Posted: **Tue Sep 26, 2006 5:35 pm**

by **vinay**

p 2195

true.....

but n can be 10^13, I can't go on checking for each digit

Or is it sufficient to find the prime factor n manipulate them to get the solution...... I m poor in combinatorics

Posted: **Tue Sep 26, 2006 6:12 pm**

by **vinay**

going upto sqrt of n tle.......

any other way ?

Posted: **Tue Sep 26, 2006 7:23 pm**

by **Monsoon**

first you can genarate up to sqrt(10^13) all primes, then you decomposite your input number. Using this decomposition you can generate all divisors of input number

Posted: **Tue Sep 26, 2006 9:36 pm**

by **vinay**

finding the divisors this way is time limiting

Please help..........

do we need to generate all divisors here or some formula can be applied???????

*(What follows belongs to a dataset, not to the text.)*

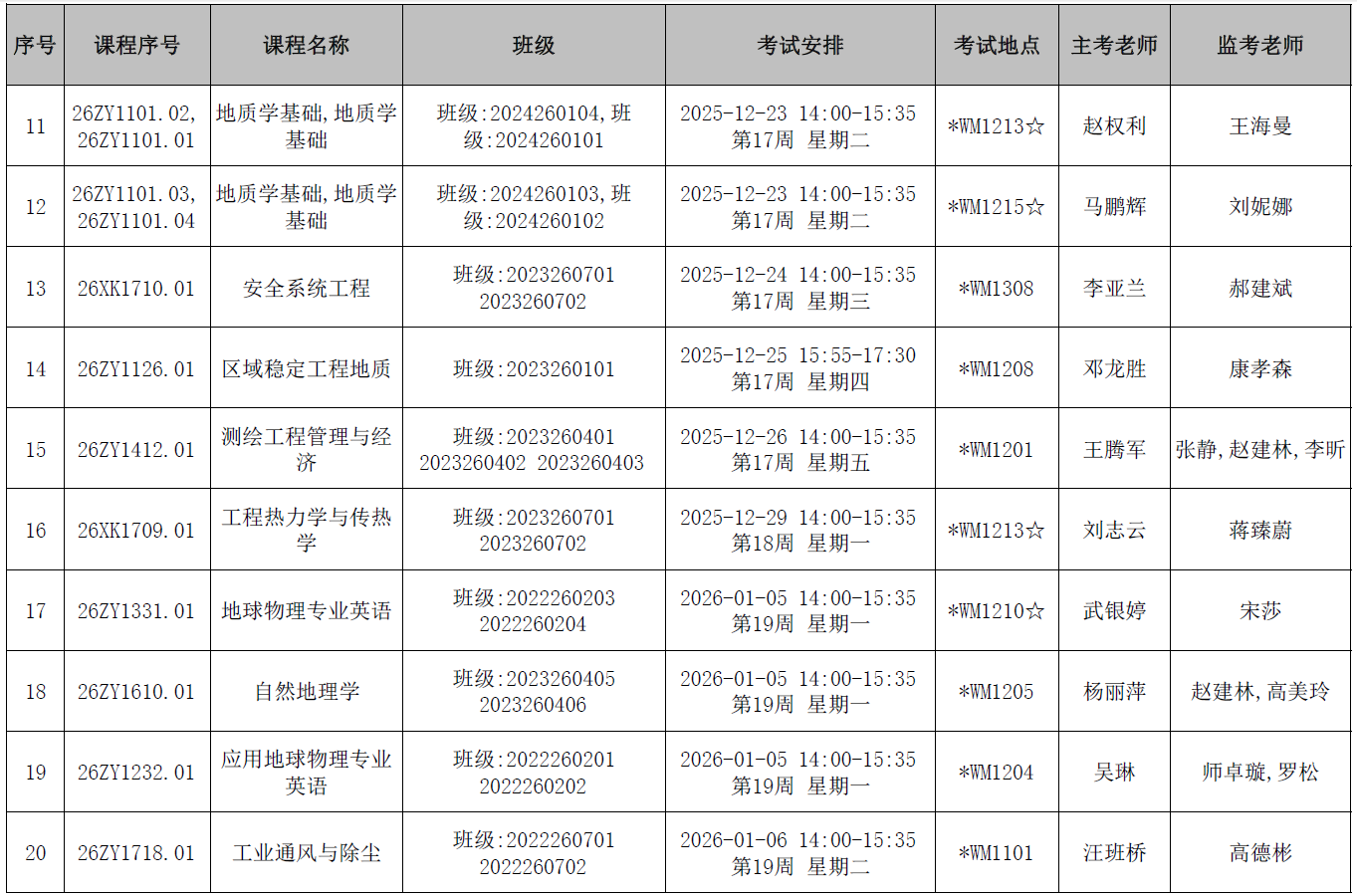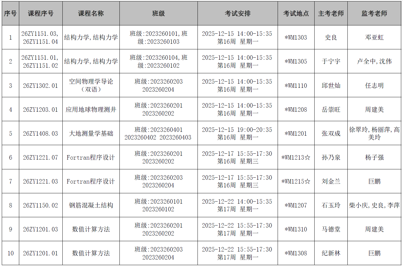 本学期第11周后结课的世界杯体育官方网站开课课程期末考试监考安排已发布,监考安排学院已经在本科教务系统中填报完成(监考教师可同时在本科教务系统中查看监考安排)。为确保考试平稳顺利进行,学院已将相关监考工作安排表上传到附件中,请各位老师及时下载查阅,并按时完成监考工作。

Posted: **Wed Sep 27, 2006 4:54 am**

by **vinay**

finding the prime factorization is itself time limiting

Posted: **Wed Sep 27, 2006 9:22 am**

by **Monsoon**

no, i got acc in 8s without special optimalization at LA

### explanation

Posted: **Wed Sep 27, 2006 9:34 am**

by **iz**

If you do the factorization properly it will not TL.

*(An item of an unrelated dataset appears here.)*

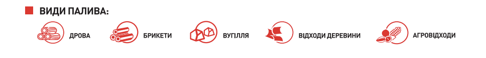 Топливо: уголь, брикеты, древесина, стружка, опилки, кора с влажностью до 30%.
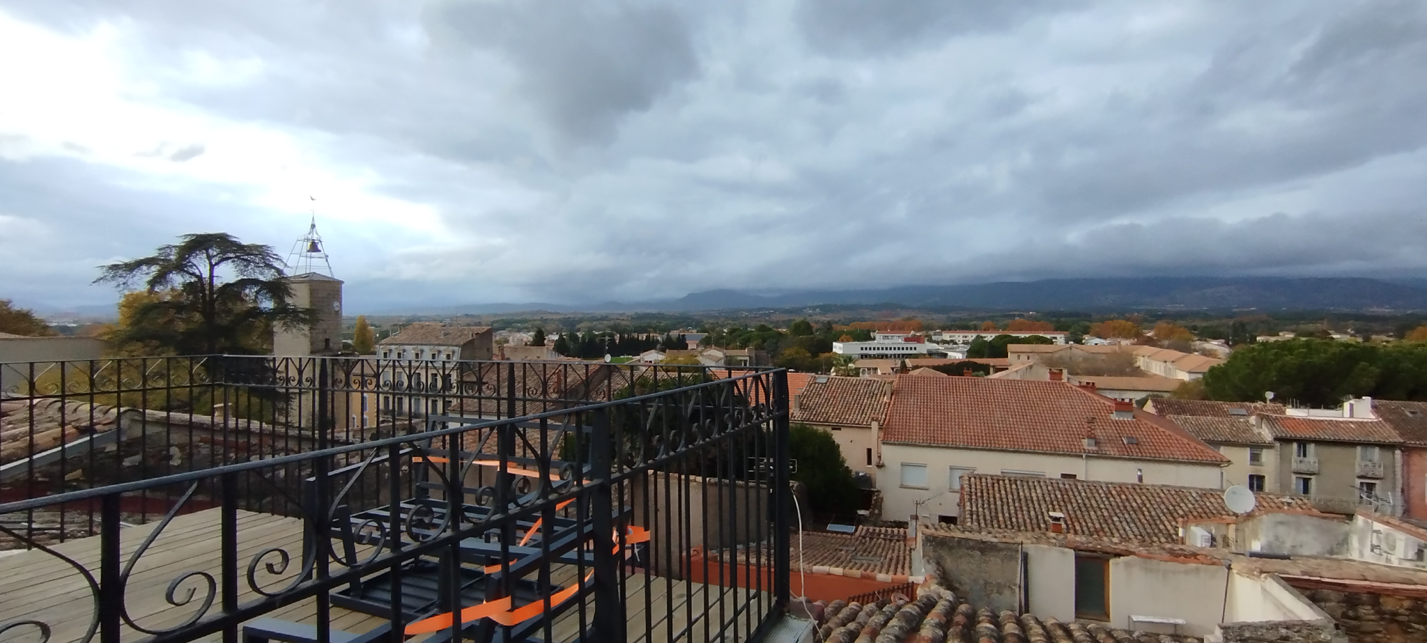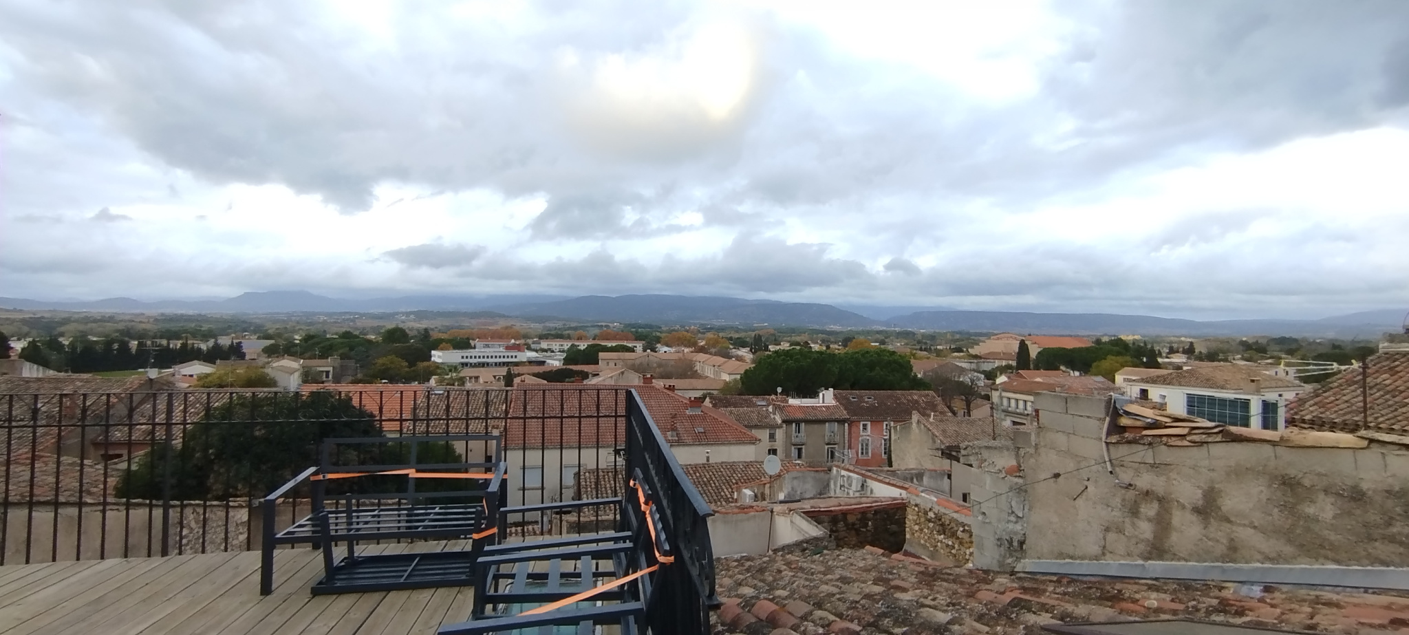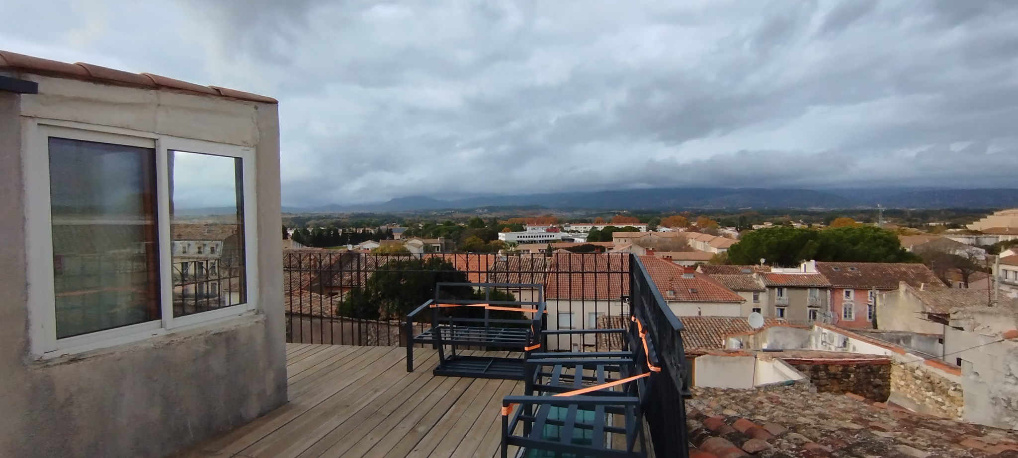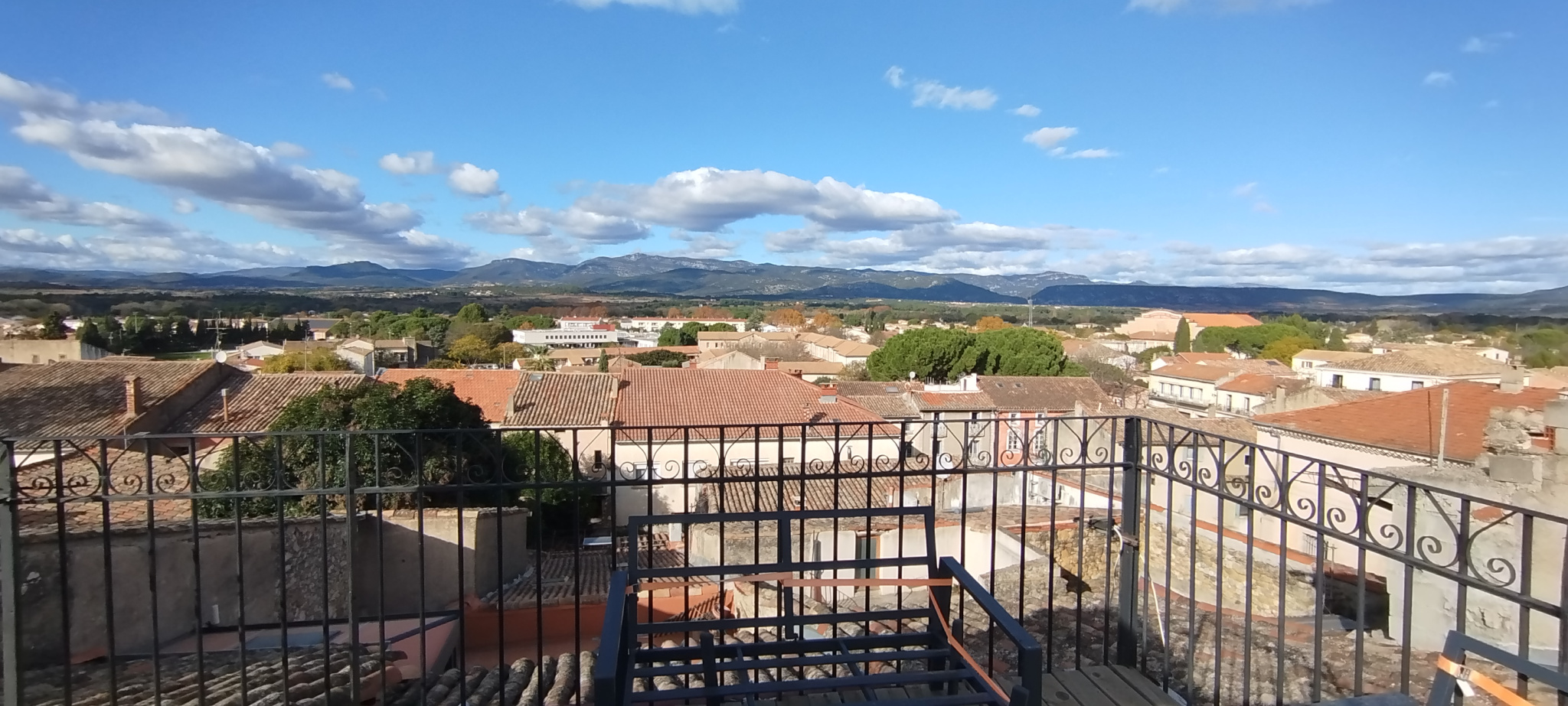 La terrasse tropézienne de 11m² surplombe les toits de Gignac et offre une vue imprenable , parfaite pour profiter des beaux jours .

So first find all primes in the range [2, sqrt(n) ] using

http://en.wikipedia.org/wiki/Sieve_of_Eratosthene.

Now you have to find the number of the divisors of n, then count the divisors of the form x^2, x^3,..., x^k(where x divides n), and add them

to the total sum. Think for a while, how to count the divisors of the form

x, x^2, x^3....,x^3(where x divides n) when having n factorized.

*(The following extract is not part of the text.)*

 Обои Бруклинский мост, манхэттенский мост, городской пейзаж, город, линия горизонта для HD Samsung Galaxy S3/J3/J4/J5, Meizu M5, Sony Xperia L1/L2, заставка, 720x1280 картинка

If n = p1^q1*p2^q2*...*ps^qs, the number of the divisors is

(q1+1)*(q2+1)*...*(qs+1) ( I presume you now where this come from)

I will show you how to find divisors of the form x^2(where x divides n),

and for x^k just develop this idea further.

So x divides n => x=p1^r1*p2^r2*....ps^rs, for some ri in the range

[0,qi] => x^2 = p1^(r1*2)*p2^(r2*2)*...*ps^(rs*2). Now consider the

prime factor pi, it can participate in the products of this type in exactly

1+qi/2 different ways : pi^0, pi^2, pi^4..... pi^(i/2), now using the same

logic as in counting the number of different divisors you will find that the

number is (1+q1/2)*(1+q2/2)*(1+q3/2)*...*(1+qs/2)

*sorry if my English contains errors

Posted: **Fri Sep 29, 2006 2:55 am**

by **vinay**

could u explain the process for 20 (twenty)...

thanks..

Posted: **Fri Sep 29, 2006 4:06 am**

by **Rainy Day**

divisors formula something like this :

( q1+1)(q2+1).........(qn+1) -2 ; u must extracted first and last divisor.

20=2x2x5

so , there r (2+1)(1+1) -2 = 4 divisors.

there r (1 + 2/2)(1 + 1 / 2) = 2 divisor of the form x^2,x^3,...........................

so ,total = 4+2 = 6

Posted: **Fri Sep 29, 2006 6:39 am**

by **Darko**

I don't think that is correct (the case for 20) - you get the correct answer, but you don't remove first and last - you just remove 1 as a divisor every time you count them (because 1=1^2=1^3...).

Try 8 = 2^3, your algorithm gives 6 instead of 5 (1000 in base 2, 20 in base 4, 10 in base 8).